Picture walking into the living room, sitting on the couch and relaxing after a long day with a Netflix show and some herbal refreshments.  Then choose to get up from the couch, shut off the lights, walk down the hallway with your computer open for some light and to watch the last few moments of your show.  

Now visualize a long dark cylinder object laid out before you on the side of the floor.  Experience the recognition of that shape and the surge of stress responses that immediately overtake your system as your brain reaches the conclusion that you are looking at a snake.  At that split second of understanding witness that snake recoiling swiftly from your oncoming advance as the head of the snake passes barely inches from your foot as you come to a dead stop while simultaneously retraces the last five foot step you took in one long lunge backwards while gasping.

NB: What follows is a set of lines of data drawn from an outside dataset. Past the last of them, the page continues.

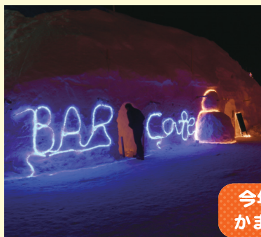
今年のかまくらbarが2つ! かまくら内の雪像も大迫力!
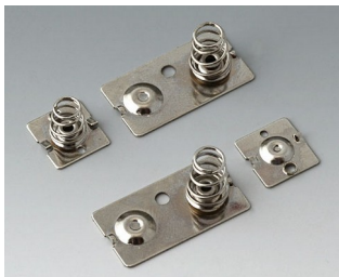
A9190023 Набор батарейных контактов, 3 x AA Сталь никелированный
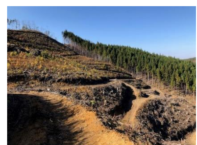
植樹作業地(上米内)
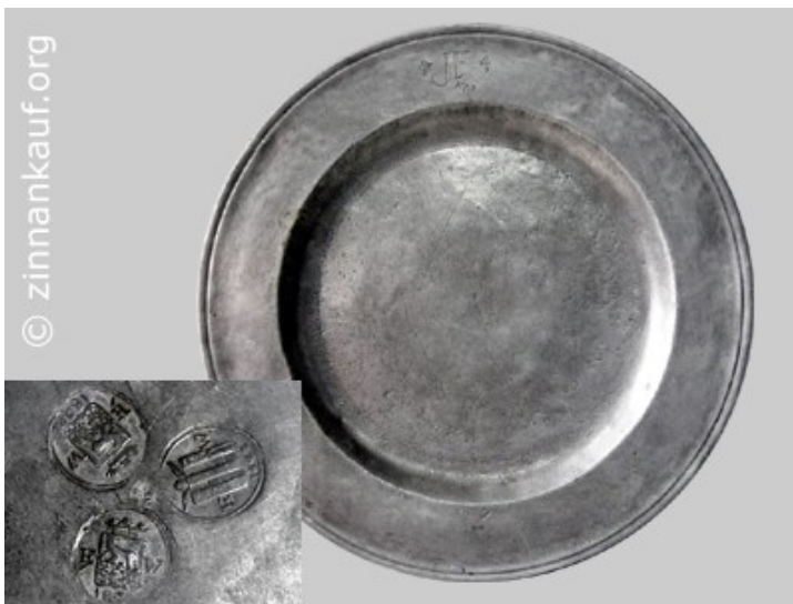
Muster | Zinnteller um 1900

Diese Methode beruht auf der Eigenschaft von Blei, beim Abrieb auf weißem Papier einen deutlich sichtbaren dunklen Strich zu hinterlassen. Entsprechend dem Bleigehalt, fällt der Strich dicker oder schwächer aus. Reines Zinn hinterlässt keine Spur. Eine solche Methode kann nur einen groben Anhaltspunkt bieten.
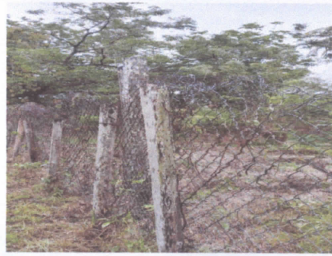
REPARACIÓN DE MURO PERIMETRAL CON UBICACIÓN AL NORTE
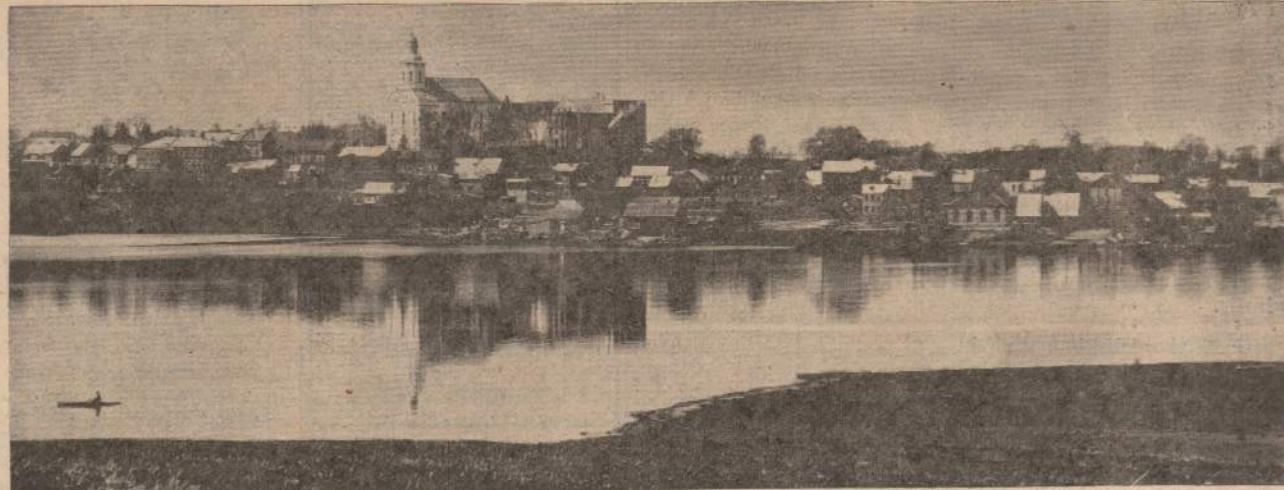
TELSIŲ MIESTO VAIZDAS NEPRIKLAUSOMOS LIETUVOS LAIKAIS. MASČIO PAKRAŠTYS
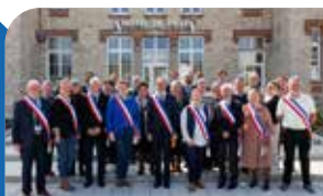
P8 L'installation du Conseil municipal en images
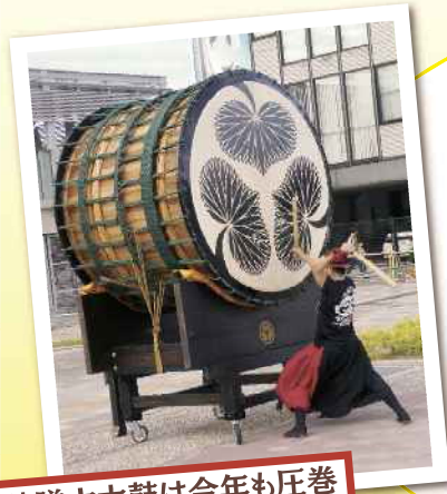
味噌六太鼓は今年も圧巻

長い梅雨が明け、今年も暑い夏がやってきました。岡崎城下家康公夏まつりの一環として、ビアガーデンイベントが開催されたのは、今回で2回目。終盤、激しい雨にも見舞われましたが、にぎやかな夏の始まりとなりました。ご来場いただきました皆様、ありがとうございました。
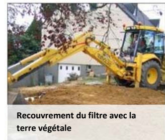
Recouvrement du filtre avec la terre végétale
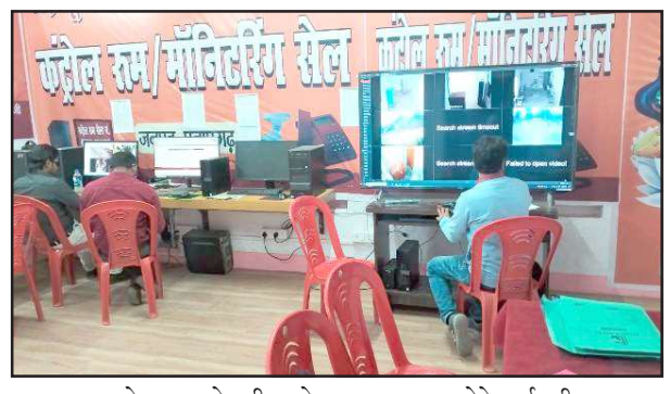
कन्ट्रोल रूम से परीक्षा केन्द्र का जायजा लेते कर्मचारी।

इंटर बंगला में एक मात्र पंजीकृत परीक्षार्थी भी रहा अनुपस्थित
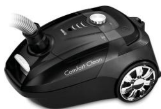
STAUBSAUGER COMFORT CLEAN T9142
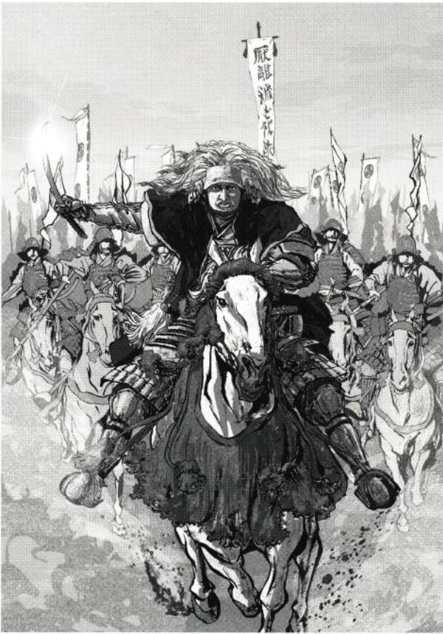
(1)新聞連載小説『家康/不惑篇』(安部龍太郎著)告知用イラスト

本企画展では、新聞連載小説『家康』(安部龍太郎著)の挿画をはじめ、オリジナル作品や、普段見ることのできない原画などを展示します。
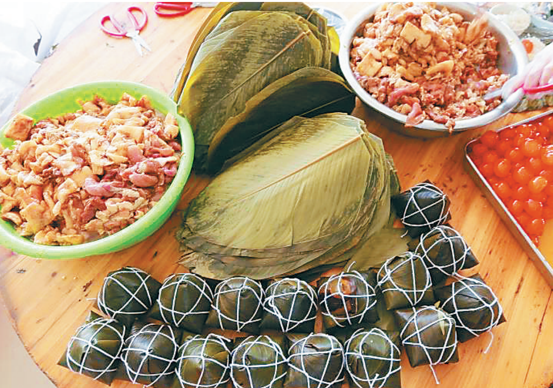
定安粽子料足味香。
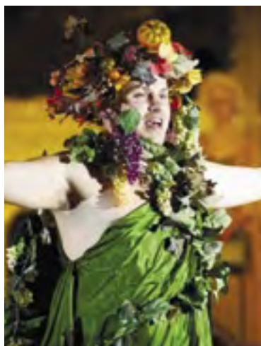
Pořadatelé Carnevale Praha připomínají atmosféru karnevalu, historických slavností a maskarních bálů, kde nechyběla tradiční postava Bakcha
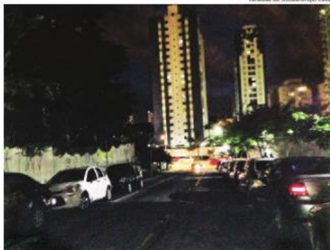
Vereador de São José do Rio Preto

A Rua Arnaldo Rosa (foto), uma pequena ligação entre as avenidas Vereador Abel Ferreira e Regente Feijó, no Jardim Anália Franco, continua sem iluminação pública. Alvo de reportagem há alguns anos desta Gazeta , um morador chegou a entrar em contato com este semanário para dizer que pedidos para instalar postes de luz já haviam sido realizados. Mas até o momento nenhuma providência foi tomada e quem precisa passar pelo local à noite só tem a iluminação secundária do hospital particular que ladeia a via, de um conjunto residencial e, agora, de outro edifício recém-construído. Com isso, a segurança de quem estaciona e anda pela Rua Arnaldo Rosa fica completamente comprometida. A zeladoria da área é de responsabilidade da Subprefeitura
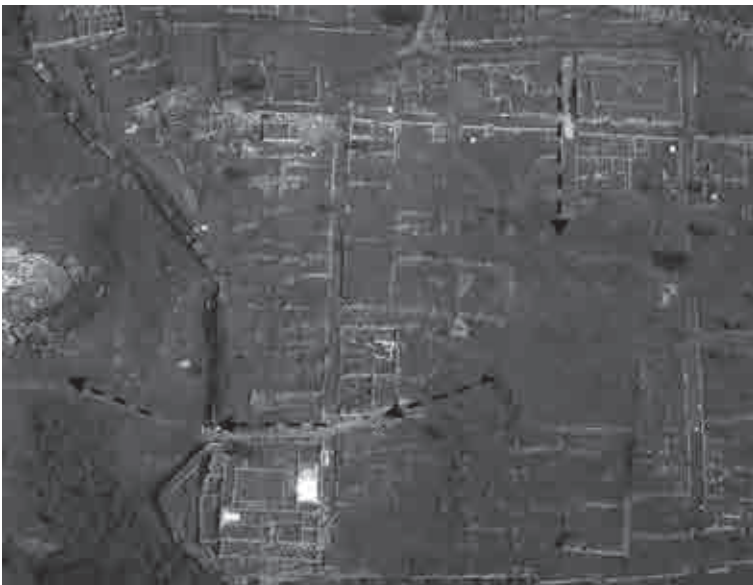
Fig. 16. Percorso dalla porta I al teatro di Gitana (elaborazione dell'Autore da Kanta-Kitsou 2008: 38)

e ben definita suddivisione funzionale e razionale dello spazio urbano. Le città epirote tra il III e l'inizio del II sec. a.C., in un periodo di prosperità economica e politica, coincidente con l'istituzione del regno epirota sotto la dinastia eacide e, successivamente, con la costituzione del koinon degli Epiroti (232-167 a.C.), sono interessate da una forte crescita monumentale degli edifici pubblici, che si inseriscono perfettamente all'interno dell'impianto urbano e da un'estensione del proprio spazio civico legato a un probabile incremento demogra-
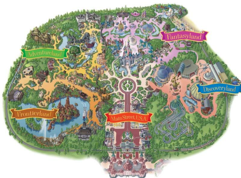
Figura 1.2. Mapa Disneyland Park

En 1992 abre el primero de los parques del resort, Disneyland Park que, como hemos mencionado anteriormente, se encuentra organizado en cinco espacios de temáticas claramente diferenciadas.
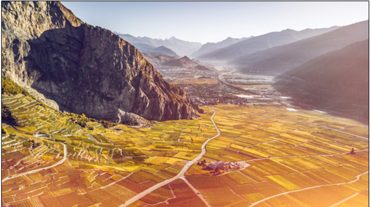
Blick auf die herbstlichen Weinberge im Rhonetal, Wallis.

Die hier präsentierte Auswahl von schweizweiten News gibt den Stand Mitte September 2021 wieder. Aufgrund der aktuellen Lage kann es zu Verschiebungen und Absagen kommen. Es wird empfohlen, die Informationen auf der erwähnten Webseite zu prüfen.
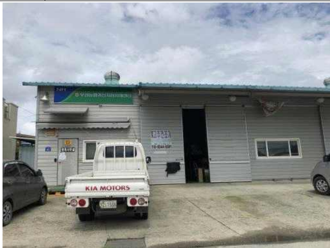
자원 우성농협귀산지점 자재센터

Now, realize that you are in an open house, with no closed walls standing in the hall area right behind the bed, right behind the sleeping child you were hanging out with early today, resting and dreaming with ease.  Know that you don’t want to take your eyes off of it, in case it moves somewhere else in your absence.  But understand that you must arm yourself with the jungle weapon of choice, a broom.  And cross around the bed to the side of the snake to retrieve your phone charging on the floor less than a foot away from the snake to contact someone for guidance in this matter.

It is dark, of course, so you can’t quiet make out what kind of snake it is and in this area, you find yourself, strangely enough, hoping it is a venom-less boa constrictor.  Just picture it…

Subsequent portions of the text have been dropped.